Disappointed, I switched the power off. With considerable trepidation, I switched it on a few seconds later. Truly enough, the system froze while booting! I felt really let down. I tried restarting the computer a few times, with the same inevitable result — the login screen wouldn't appear. My entire Windows had become unusable! Two strokes in a row.

Rescue Attempt

I used my wife's computer to read about rescuing Windows. There was a Windows rescue partition (drive) in the hard disk. I tried to restore Windows using that rescue partition, following the instructions that I found in Microsoft's Web site. Alas! My earlier impulse upgrade to Windows 8 haunted me unpleasantly there. The rescue image was that of Windows 7, which came pre-installed with the HP hardware. When I attempted a rescue, it kept informing me that I had a more recent version of Windows installed, and that it couldn't rescue it!

For an hour, or so, I was quite dumbstruck. But then, life has to go on, of course! I contemplated possible courses of action. And finally chose what I knew best.

Go The Linux Way!

I burned Kubuntu 12.04 LTS to a DVD, and booted into the Live image. After making sure that all essential hardware worked as expected, I installed it to the hard disk as the only operating system. During the installation, I opted for the proprietary firmware for the Broadcom 4313GN wireless card, etc., to be downloaded and installed. Everything went smoothly. The only irritating aspect was the download of over a dozen English language packs! Readers will remember that I was irritated by this in my old Debian (virtual) installation too.

Upon re-booting, I found – as expected – a few hundreds of updates. Accordingly, I allowed the system to update. Next, from the Kubuntu PPA, I upgraded KDE to 4.10.1. After verifying that the system was working properly, I restored the backup from the external USB disk. It Just Worked!

Laptop Power Management

Initially, the laptop battery powered the system for only about 2 hours. Windows (both 7 and 8) used to last between 4 and 5 hours on a single charge. I read several articles and blog posts on what all improve battery life in Linux. None of them improved the situation measurably! powertop showed a baseline discharge rate of over 23W when idling. That was disappointing!

My HP laptop has an integrated Intel 4000 HD graphics card and an nVidia GEFORCE 630M discrete graphics card. I realised that I had to try Bumblebee. Following the instructions in one of the Ubuntu fora, I installed Bumblebee. I installed the primus configuration rather than the optimus one.

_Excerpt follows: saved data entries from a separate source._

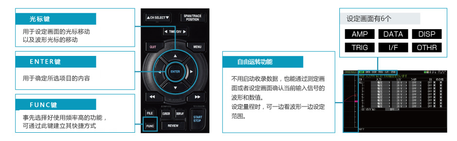 可通過光標鍵和Enter鍵來簡便的操作產品。設置菜單里可以對AMP?DATA?DISP?TRIG?I/F?OTHR這6個內容進行設定。
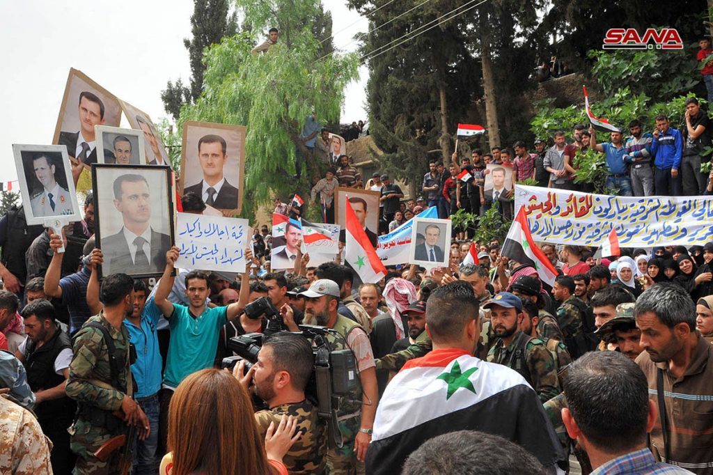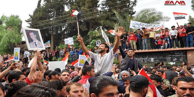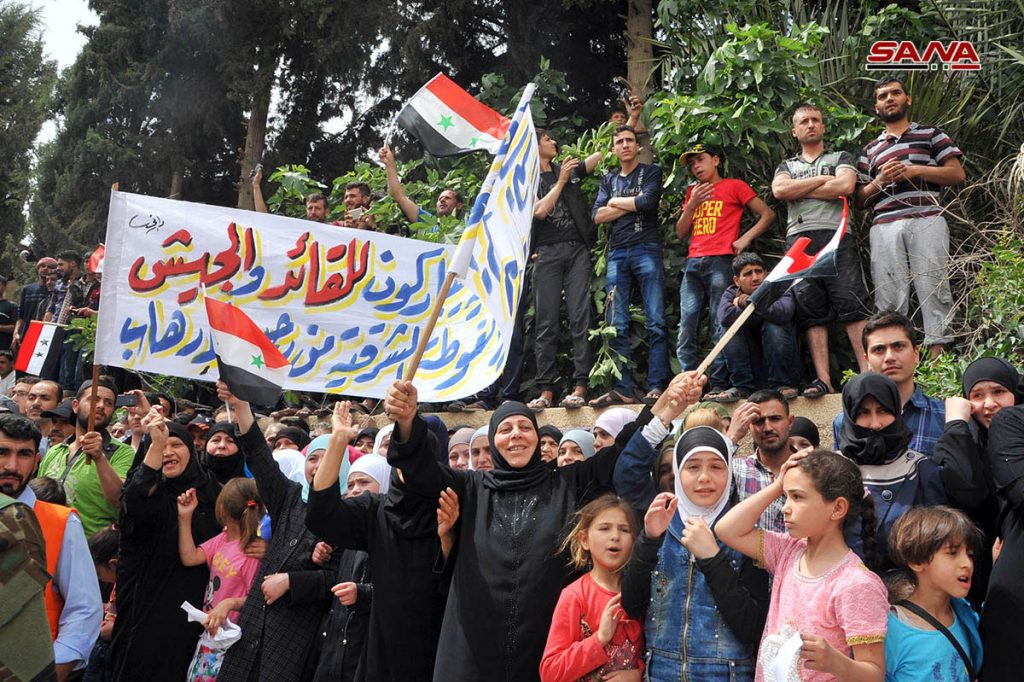 ووجه ونوسة باسم أهالي الغوطة دعوة “لكل من سار بالطريق الخاطئ أن يعود إلى حضن الوطن ليكون مع جيشه وأبناء بلده وعدم اتباع التنظيمات الإرهابية التي تفر امام الجيش العربي السوري وانتصاراته” مشدداً على أن “الخزي والعار سيلحق بملوك النفط والرمال الذين خانوا فلسطين ودمروا سورية والعراق وليبيا واليمن وستبقى سورية بقيادتها صامدة منتصرة”.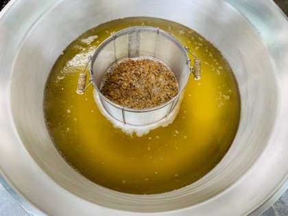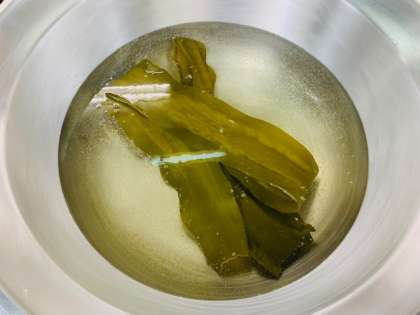 北海道産のこんぶをしばらく水に浸けた後、火にかけます。ふつふつとしてきたらこんぶを取り出し、けずりぶしを入れてひと煮立ちさせたら、火を止めます。給食では、右の写真のようなだし取り専用のかごにけずりぶしを入れて煮ます。こんぶとけずりぶしを使うことで、色もよく、うま味がつまっただしに仕上がります。

Having read a few bad things about Bumblebee, I had a trepidation similar to that I had when I re-booted the frozen Windows system. Fortunately, though, Kubuntu booted normally, and to my great relief, Bumblebee worked. powertop showed a new baseline consumption rate of a little over 10W when idling! Now I get the same 4-5 hours of battery life on a single charge!

What Do I Not Like?

The power management is a little too eager. It puts the wireless interface to sleep every few minutes. For it to wake up takes several seconds upon next use. I have to keep staring at the screen until then, sometimes a little impatiently. These days, though, I use powertop to put the Broadcom 4313GN wireless card into bad state so that it is not put to sleep so aggressively.

What Do I Miss?

All of this is fine, of course, but do I miss anything? What I miss most is Google Drive native application. I usually do not sign on-line petitions, but I did sign the one at Drive4Linux. I was disappointed to find only about 1,500 signatures. Nevertheless, I signed it, and requested my G+ contacts to follow suit if they use Linux and Google Drive.

Other than the above, I have not felt any notable inconvenience or loss of functionality, so far! Thus, after a break of about five years, I have returned to running Linux natively in my primary computer!!